In the interests of penny pinching, the Scot in me who is good with money, and an insatiable love affair with mixed pickle, I faithfully join my fellow plebs once a month for the offers on at discount outlets which have sprouted up over the years.

At the Elomas outlet in Latsia, I pick up Rajah mixed pickle, the next best thing to the stuff served at the workmen’s shacks in India, for 2.14 euros, or, if we want to speak in proper money terms, CYP1.25.

At a popular supermarket in Nicosia, the same brand and product goes for 4.03 euros.

Granted, mixed pickle is not the staple in your average Cypriot household and this is my own benchmark, not to be taken as endemic in Nicosia’s supermarkets. Most items are broadly level, give or take a few cents. And in most cases the discount outlets do not have the same array of items, so a trip to the supermarket is necessary anyway.

However with food prices lurching over the past eighteen months more and more people are heading to the discount stores, where a few of the items which do make a dent on the weekly or monthly shopping bill are considerably cheaper.

At the unlikely venue of the Poplife electronics outlet in an old factory on the outskirts of Latsia, a case of 24 imported soft drinks cost 7.35 euros (CYP 4.27). At one of the cheapest supermarkets in Nicosia, the same locally produced costs 3.84 euros for eight. Times that by three, a box of 24 would cost 11.52 euros.

A 200 gram jar of instant coffee costs 2.85 euros, compared to 4.56 euros at the cheapest supermarket. I picked up the last one.

One would ask who would head off into the sticks to an outlet selling just beer, juices, soft drinks, coffee, soaps, shampoos and dodgy sanitary towels for a fraction of the price.

Plenty, judging by the number of people wheeling out trolley loads of the stuff one recent Saturday morning.

I’ve been juggling the discount outlets with supermarkets for years, keeping spending at roughly 50 pounds (just over 85 euros) per week. From acqaintances, I’m aware that it is low. Even lower if one considers that I never get takeaways, very rarely eat out and when I do find fault with everything, and stubbornly think that the best restaurant is my kitchen.

It is difficult to cut corners on fruit and veg, although most street market vendors offer their products at a discount late in the day. Most of the stuff is mush at that point. If you are lucky you can pick up some of the more hardy vegetables, like runner beans, which freeze well.

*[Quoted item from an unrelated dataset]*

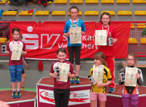 Bei den Mädchen der jüngsten Altersgruppe gelang Hannah Hohenstein für den 1. Radclub Jena ein toller Sieg. Mit einem Sieg im Schluss-Dreisprung und zweiten Plätzen im Kraftkreis und im 60-m Sprint konnte sie ihre Konkurrentinnen distanzieren. Weitere Plätze für den 1. Radclub Jena: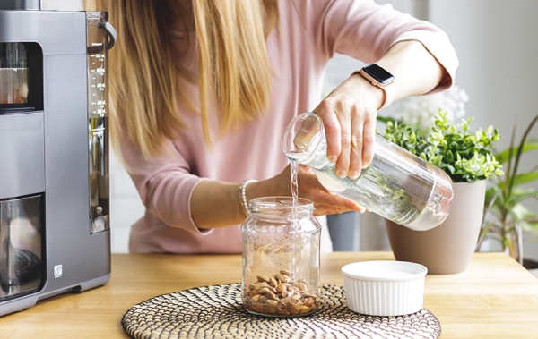 TIP: Pokud máte mixér G21 Comfort, poměr mandlí a vody řešit nemusíte. Mixér se díky programu na přípravu rostlinného mléka o všechno postará sám. Sám dodá potřebné množství vody, sám připraví mléko a sám se i umyje.

I do cheat though. We rarely eat meat, and catch all our fish. I’ve now got a vegetable patch in the garden struggling in the present drought, and have a barter system going for a regular supply of potatoes. It must sound primitive according to the lifestyles of many Cypriots.

However I have no problem picking up the cheap rice and pulses, or stockpiling on the special offers. Having been literally born into the trade, so to speak, I firmly believe there is no difference between the loose stuff, particularly when it comes to pulses and grains, with the expensive packaged versions of food.

The source is the same, it all depends on how it’s cooked. Cheese, probably my single biggest food expense for a family of four, is always bought unpackaged, it’s about 10-20 per cent cheaper than the packaged versions.

I would draw the line at beer. Some of the cheaper imported stuff we have tried has been compared to pee, so I stick to the local brands.

The key to spending is planning. Going to the discount outlets too regularly – I’ve already devoured my jar of mixed pickle – defeats the purpose. I really should have bought four jars, because I have no inclination of shelling out 4.03 euros at the place down the road, or spending the petrol just for one jar. So I’ll just have to suffer.

The obsession with discount outlets does come with a health warning. The most obvious is that one can go overboard, and that mixed pickle is addictive.

The more insidious one is consumers should bear in mind that there could be dumping tactics at work – producers selling below cost to gain a foothold in a market – to explain large margins of difference in prices.

I am uncomfortably aware that spending my money on cheap imports is depriving my local economy of income. Unchecked, it manifests itself as gaping trade deficits, potential loss of income for the local producers, possibly spiralling unemployment and loss of tax earnings for the state. And despite what anyone thinks, the state is all of us taxpayers, collectively. When that happens governments usually whip out the begging bowl for more taxes to plug deficits.

It’s a long shot worth bearing in mind. But with national CPI food prices running at 6.4 percent year on year in May, and my electricity bill up 7.3 percent, it’s a risk I’m prepared to take.